A herança cultural de Devi, no meio de todo esse turbilhão de emoções, também é um ponto importante do enredo da série e de como a protagonista lida com as situações que se apresentam em sua vida de adolescente. O contraste entre Devi e Kamala, sua prima mais velha que se muda para os Estados Unidos para estudar, também coloca em xeque a maneira como a protagonista lida com o fato de ser indiana, tâmil e hindu. Devi nunca encarou o fato de ser indiana como algo interessante a respeito de si mesma, e até a chegada de Aneesa ela apenas aceitava o fato de ser um token entre seus colegas na escola sem pensar além disso.

Na comunidade indiana, e em demais culturas do sul asiático, as doenças mentais são encaradas como fraqueza e falha moral, dificultando acesso a diagnóstico e tratamento adequado.
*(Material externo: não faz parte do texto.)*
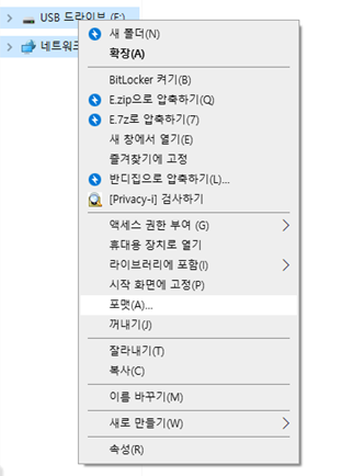 USB를 컴퓨터 본체에 꽂아주고 윈도우 탐색기를 클릭합니다. 윈도우 탐색기에서 포맷 드라이브 설치할 USB 위에 마우스 커서를 가져다 두고, 오른쪽 버튼을 클릭해줍니다. 그리고 포맷 버튼을 눌러주세요.
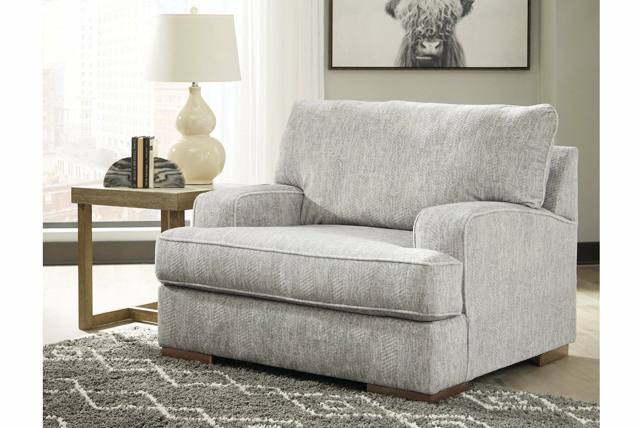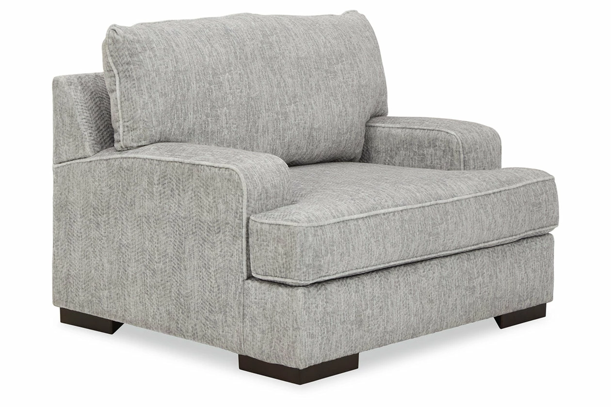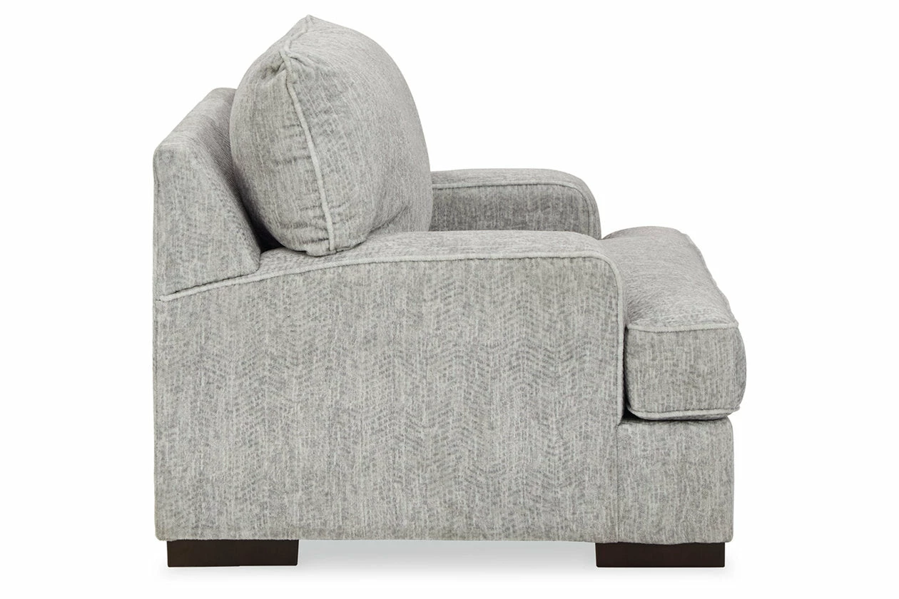 An indulgent choice with a deep seat crafted for ultra-plush softness, this chair is the ideal merger of modern flair and classic staying power. If you love a touch of texture along with a richly relaxed aesthetic, you’re sure to appreciate the chair’s gorgeous gray upholstery with a subtle chevron effect.
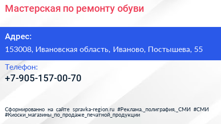 Мастерская по ремонту обуви по адресу 153008, Ивановская область, Иваново, Постышева, 55 в дальнейшем Организация, размещена в следующих категориях:
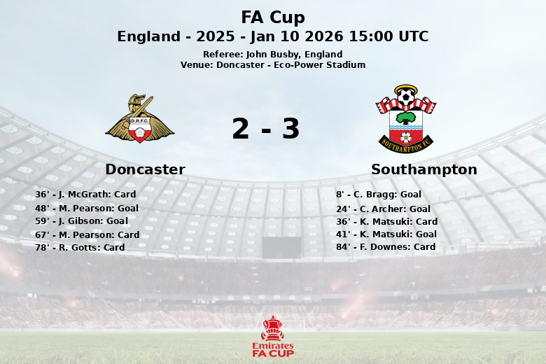 El Southampton avanza a la siguiente ronda de la FA Cup después de un intenso partido frente a un batallador Doncaster. El encuentro, disputado el 10 de enero de 2026, quedará en la memoria de los aficionados presentes en el Eco-Power Stadium.

Em estudo realizado na Índia em 2015 pela The Live Love Laugh Foundation (TLLLF), apenas 27% dos entrevistados disseram-se disponíveis a apoiar pessoas diagnosticadas com doenças mentais, enquanto 47% assumem julgar duramente essas pessoas; 26% dos entrevistados, enquanto isso, indicam sentir medo dos diagnosticados. Devi não sofre esse tipo de julgamento por parte de sua família, e muito se deve ao contexto em que está inserida como uma norte-americana de ascendência indiana — quanto mais o debate ao redor da saúde mental se desenvolve nos Estados Unidos, maior o benefício para as comunidades que lá vivem. Na Índia, no entanto, conforme o estudo desenvolvido pela TLLLF aponta, o cenário é bem diferente: com uma população que passa de um bilhão de cidadãos, um a cada cinco indianos poderá sofrer de depressão durante a vida, uma porcentagem de quase 200 milhões de pessoas. Devido ao já citado estigma associado às doenças mentais e falta de consciência e entendimento do assunto, aliado ao acesso limitado à ajuda profissional, apenas 10% dessas pessoas buscará tratamento.
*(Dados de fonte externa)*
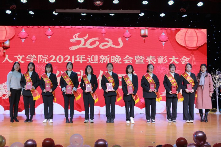 12月29日晚,人文学院2021年迎新晚会暨表彰大会在中区小剧场拉开帷幕,出席晚会的有人文学院的各位领导、各系部主任及各专业负责人,学院140余名同学参加了此次晚会。
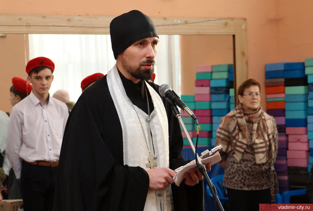 Духовным напутствием будущим бойцам стала общая молитва - благословение на ратный подвиг, составленное более пяти столетий назад. По традиции, священник Свято-Казанского храма города Владимира отец Алексей (Горев) благословил воинов и окропил всех собравшихся святой водой.
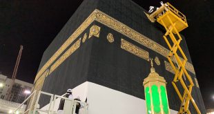 شاهد بالصور:الكعبة المشرفة ترتدى كسوتها الجديدة بالمسجد الحرام
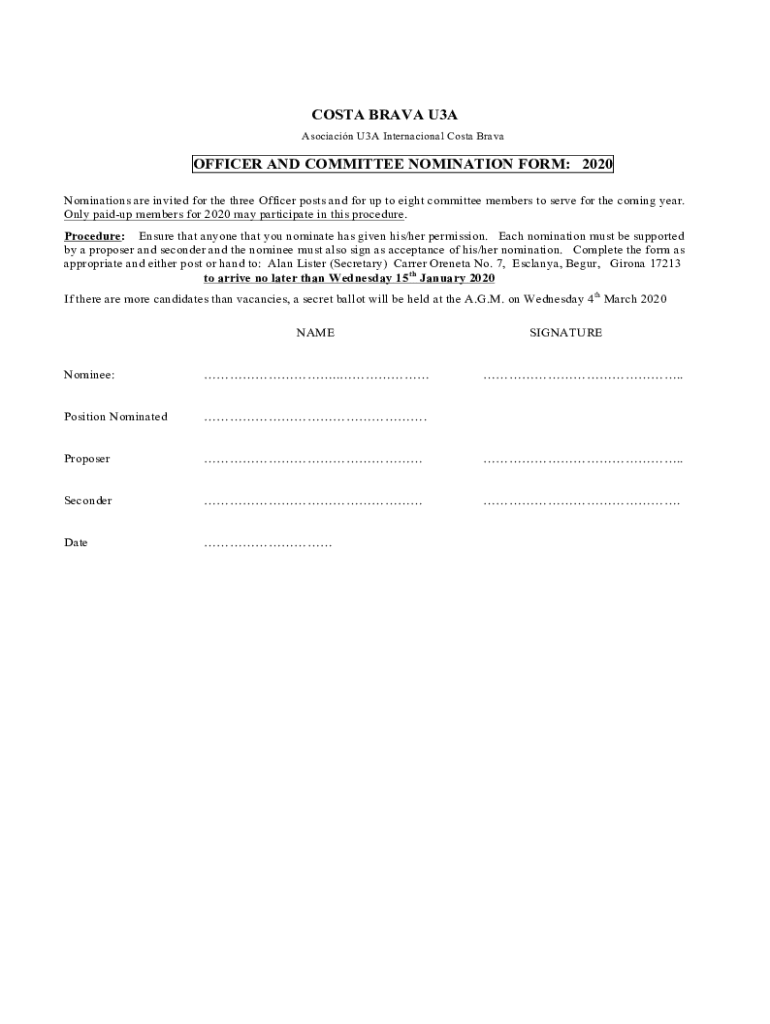 Association U3A International Costa BravaOFFICER AND COMMITTEE NOMINATION FORM: 2020

Ao lidar com as questões pessoais de Devi, sua saúde mental e o processo de luto pelo qual está passando com tamanha sinceridade e delicadeza, Never Have I Ever também funciona como um meio de conscientizar e desmistificar o estigma ao redor das pessoas, principalmente adolescentes, que sofrem de alguma doença mental ao mostrar a família e os amigos de Devi apoiando sua terapia. Ainda que a protagonista não esteja pronta para falar sobre o luto e a perda, a série acerta ao mostrar o processo, as consultas com a Dra. Jamie e como seus sentimentos são abordados e sua dor validada. Never Have I Ever não deixa de ser o entretenimento despretensioso e divertido que eu procurava quando comecei a assistir à série, mas se torna também um dos retratos mais críveis do caminho a ser percorrido para processar sentimentos provenientes da dor de perder alguém que se ama tanto.
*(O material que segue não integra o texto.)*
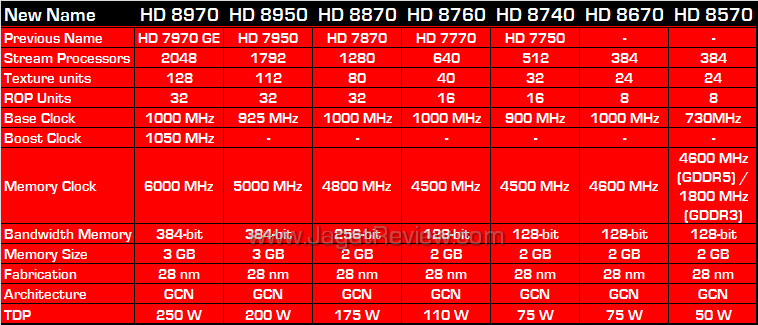 AMD memang tidak tanggung-tanggung dalam merilis varian HD 8000 untuk PC OEM dimana mereka mengisi setiap celah mulai dari kelas high-end hingga kelas entry-level. Di antara 9 buah varian di atas, 7 buah di antaranya menggunakan arsitektur Graphics Core Next generasi satu seperti seri HD 7000 Southern Island. Berikut spesifikasi lengkap graphics card tersebut.

Never Have I Ever tem um roteiro que não trata seus personagens de maneira ingênua e, no caso de Devi, não a isenta pelas ações erradas. A dramédia é ótima fonte de diversão devido às situações hilárias em que Devi se mete no caminho para conseguir um namorado, seja ele Paxton ou Ben, e também por toda a gama de personagens interessantes e carismáticos que orbitam ao redor da protagonista. No final do dia, Devi é apenas uma adolescente lidando com a dor da maneira que consegue, e não necessariamente uma má pessoa. Ela é uma garota brilhante, com um pendor para o drama e para tomar más decisões baseadas em raiva e dor, e que ainda tem um longo caminho a percorrer no entendimento de si mesma em seu tratamento. Para além da disputa entre Team Paxton e Team Ben, sou Team Devi sem pestanejar.